╭──

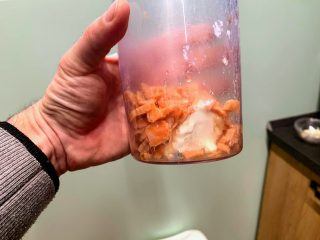 (facoltativo) Se volete una crema omogenea, trasferite il salmone in un contenitore dai bordi alti, un cucchiaio di olio e un mestolo di acqua della pasta. Tritare con il frullatore a immersione.
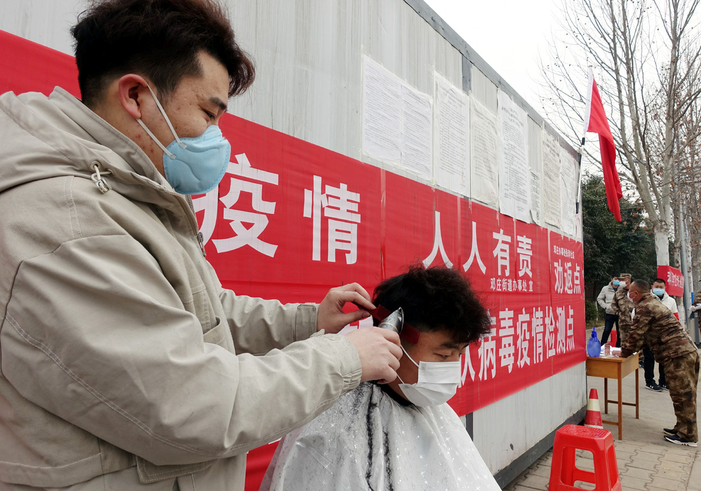 2月21日,东城区邓庄街道办事处张湾社区疫情防控检测点,一位理发师为疫情防控检测点的工作人员理发。市区星河美业美发店的理发师何文举经社区干部同意,携带理发工具,经过消毒,义务为疫情防控检测点的10余名工作人员理发,受到大家的欢迎。
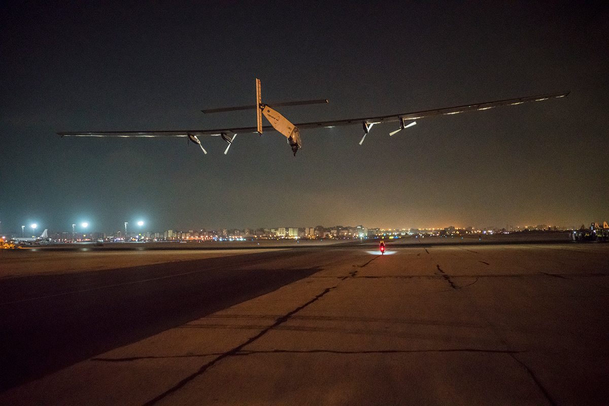 Solar Impulse 2 -aurinkolentokone (Si2) nousi aamuyöllä ilmaan Egyptin Kairosta. Matka maailmanympäri on vihdoin edennyt viimeiselle etapille kohti Abu Dhabia, jonne sen odotetaan saapuvan kahden päivän ja kahden yön mittaisen lennon päätteeksi.
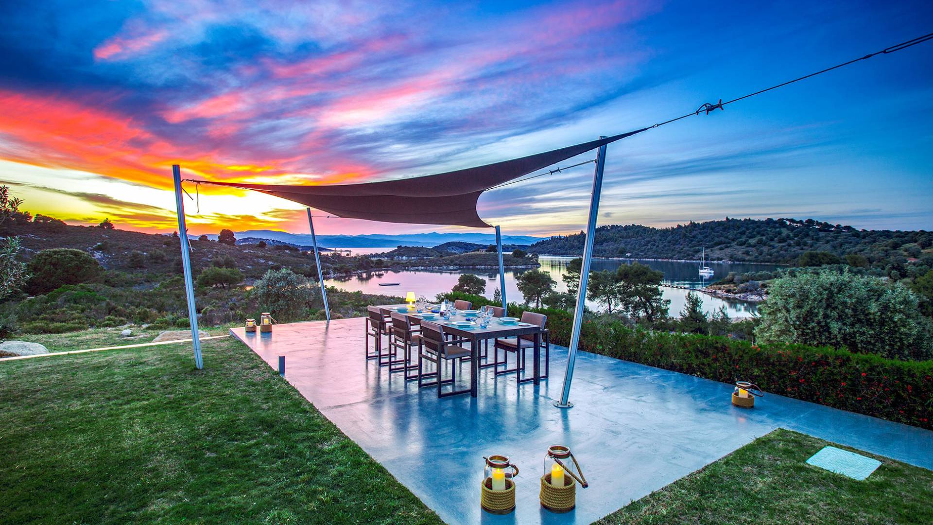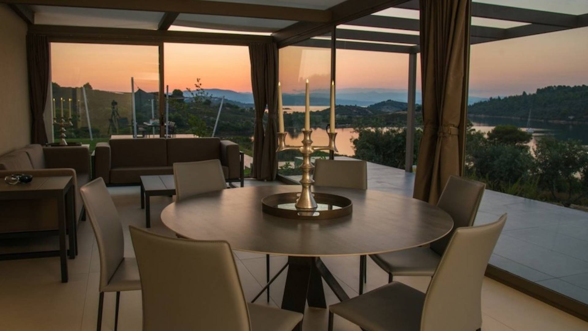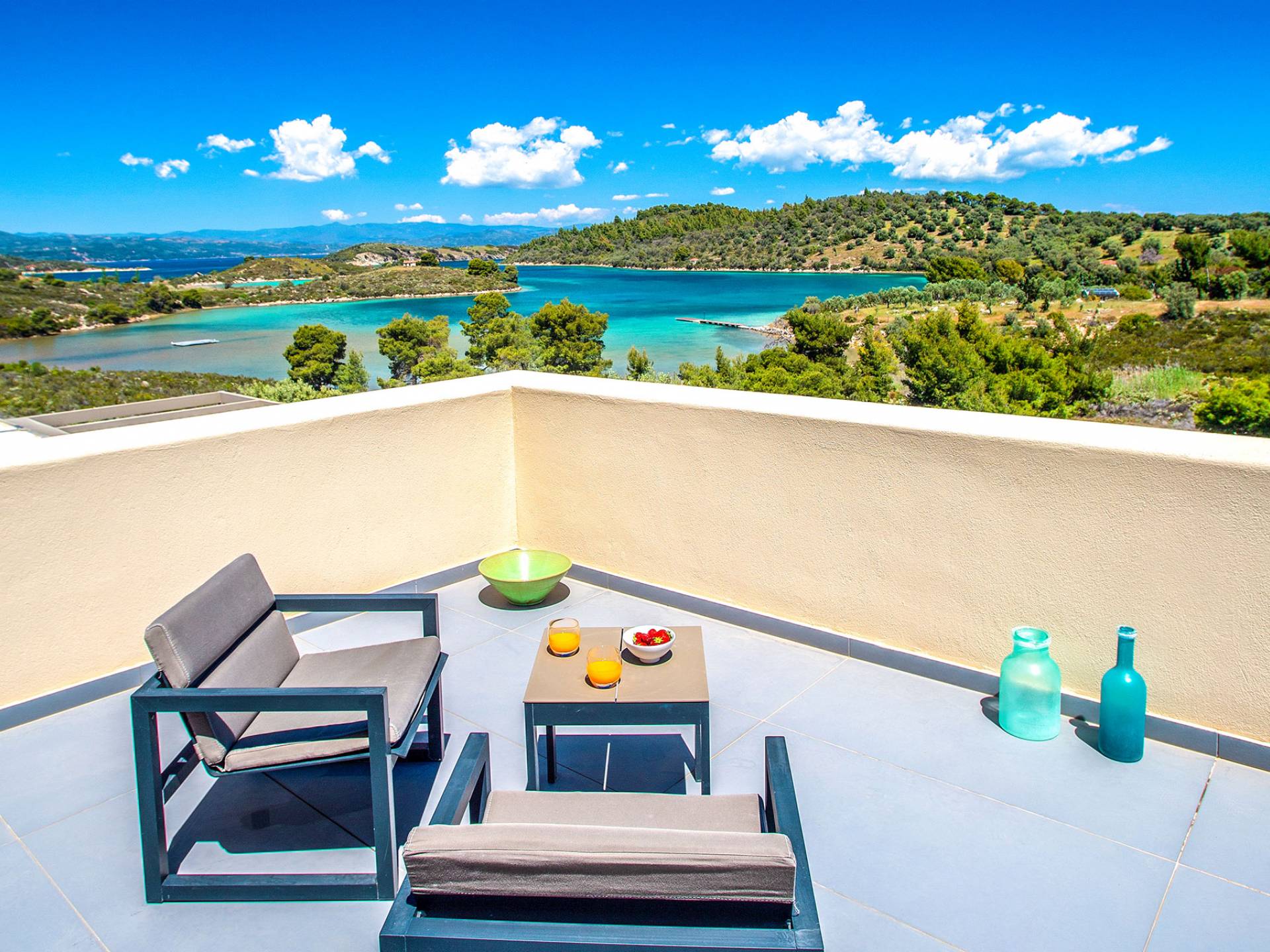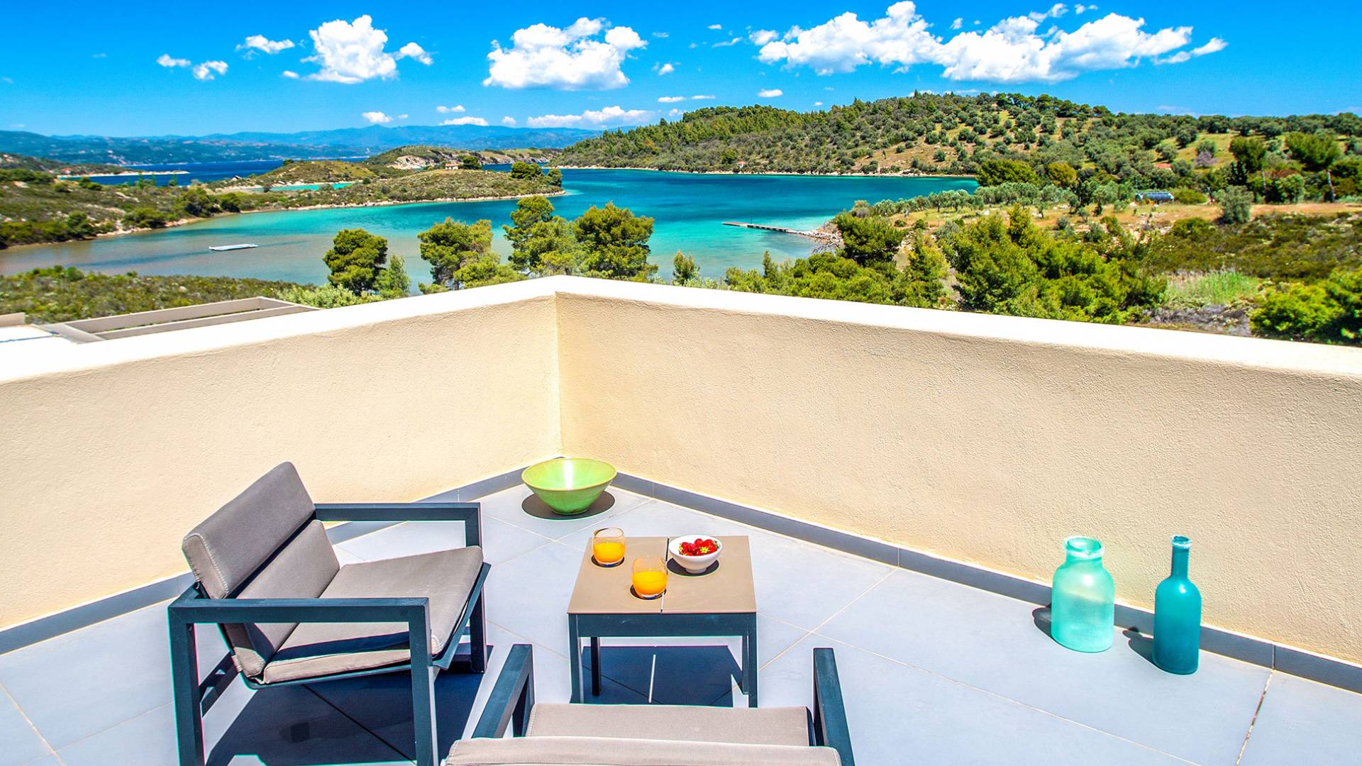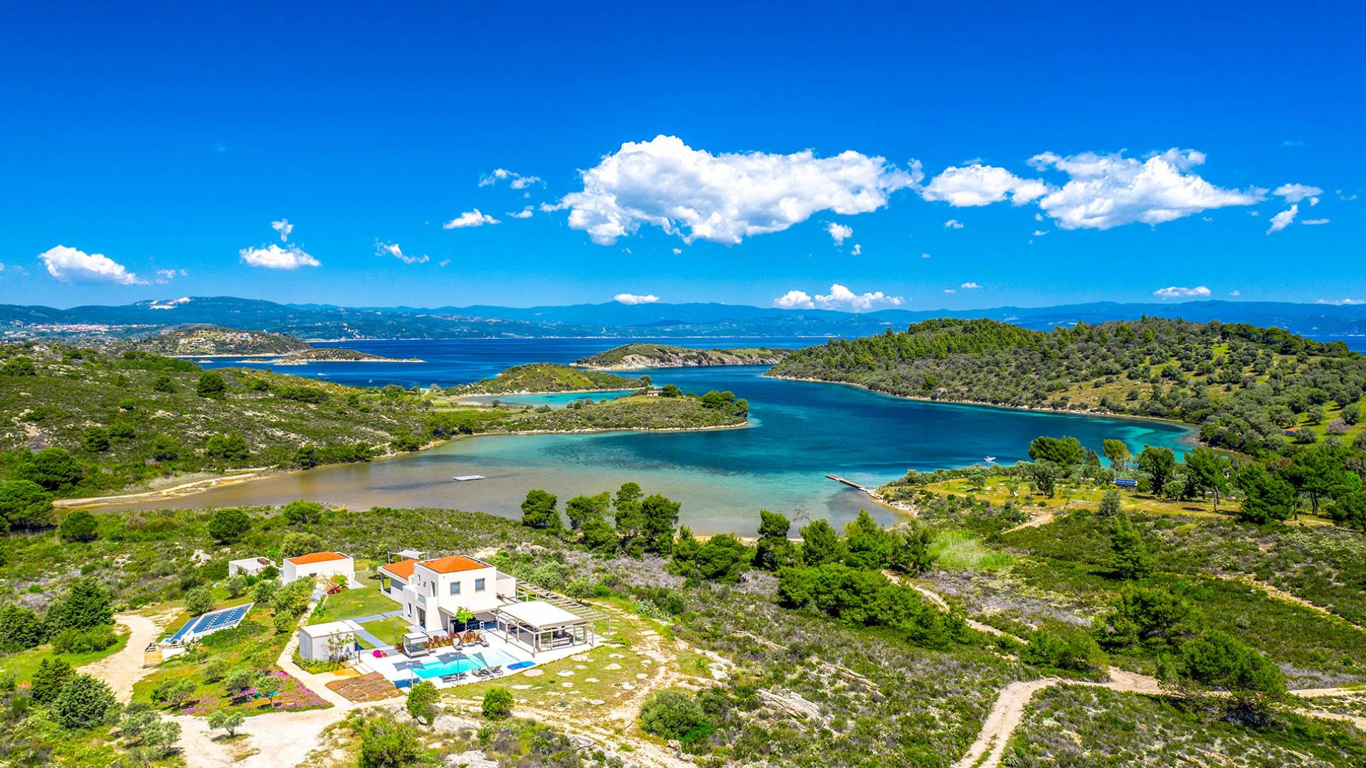 Захватывающая панорама, открывающая вид на обе бухты, море, простирающееся так далеко, насколько хватит глаз - до мифической горы Афон, лежит на горизонте - все эти природные богатства объединяются, чтобы сделать уединение последней мечты

╰──

- **DESCRIPTION OF THE TASK**
Transcribe, word for word, only the material from its opening line through the line containing "2月21日,东城区邓庄街道办", both ends included, and omit the pictures.

- **ANSWER TO THE PROBLEM**
 (facoltativo) Se volete una crema omogenea, trasferite il salmone in un contenitore dai bordi alti, un cucchiaio di olio e un mestolo di acqua della pasta. Tritare con il frullatore a immersione.
 2月21日,东城区邓庄街道办事处张湾社区疫情防控检测点,一位理发师为疫情防控检测点的工作人员理发。市区星河美业美发店的理发师何文举经社区干部同意,携带理发工具,经过消毒,义务为疫情防控检测点的10余名工作人员理发,受到大家的欢迎。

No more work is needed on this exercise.